In het licht van deze vooropstelling stelt het hof vast dat in de onderliggende strafzaak de navolgende voorwerpen verbeurd zijn verklaard die kunnen worden aangemerkt als opbrengsten van het strafbare feit “witwassen”:
nr. 104: 1 Personenauto, FIAT 500, goednr. 523715: met kenteken [kenteken 1]
nr. 105: 1 Personenauto, Volkswagen Golf, goednr. 52316: met kenteken [kenteken 2]
nr. 112: euro 262.027,-, ibn 27-03-2013, goednr. 523800
nr. 113: euro 10.000, goednr. 531987, ibg 06-05-2013
Het hof is van oordeel dat in verband met het reparatoire karakter van de ontnemingsmaatregel, de waarde van voormelde voorwerpen in mindering dient te worden gebracht op de aan de betrokkene op te leggen betalingsverplichting.

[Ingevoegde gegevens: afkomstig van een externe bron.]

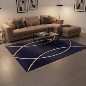 Lacivert Zeminli Altın Kavisli Çizgi Desenli Peluş Halı – Yumuşak Dokulu
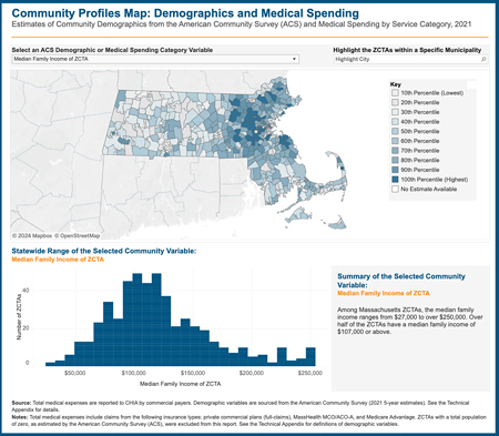 This publication includes data on demographics by community as well as the relationship between these community characteristics and total medical expenses (TME) by insurance population and across TME service categories for data year 2021. Data is presented at the community level by municipality and ZIP Code Tabulation Area (ZCTA).
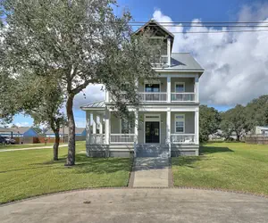 The Barefoot Pelican is a gorgeous 3 story home with 4 bedrooms, 3.5 bathrooms. Wraparound porches, balconies, and double glass French doors are just a few of the many charms this coastal home has to offer. The first floor features an open concept kitchen, dining, and living area with 10 foot ceilings, bamboo flooring, granite countertops, and professional stainless steel appliances in the fully stocked kitchen. On the second floor you will find the master bedroom with a king bed and an amazing attached bath featuring a large walk-in slate shower and real antler hardware. Across the hall is a second bedroom with a queen bed and attached bath. Down the hall is the third bedroom with two twin bunkbeds (4 beds) for the kiddos to enjoy and a third bathroom. On the third floor is a bonus room with a twin over twin trundle bed. There is a mini fridge and a sink along with balcony access and water views from here.

Ten aanzien van de verbeurdverklaarde voertuigen geldt daarbij het uitgangspunt dat de rechter de waarde van de verbeurdverklaarde voertuigen ten tijde van de inbeslagneming onder betrokkene zal dienen te schatten. Deze waarde belichaamt immers het voordeel dat reeds door de verbeurdverklaring aan de betrokkene is ontnomen. Deze waardebepaling heeft een overwegend feitelijk karakter.
(…)
Resumé
Het vorenstaande impliceert dat het hof aan betrokkene een betalingsverplichting zal opleggen van:
€ 638.051,-
€ 262.027,- (-/-)
€ 10.000,- (-/-)
€ 13.500,- (-/-)
€ 37.000,- (-/-)
€ 315.524,-.”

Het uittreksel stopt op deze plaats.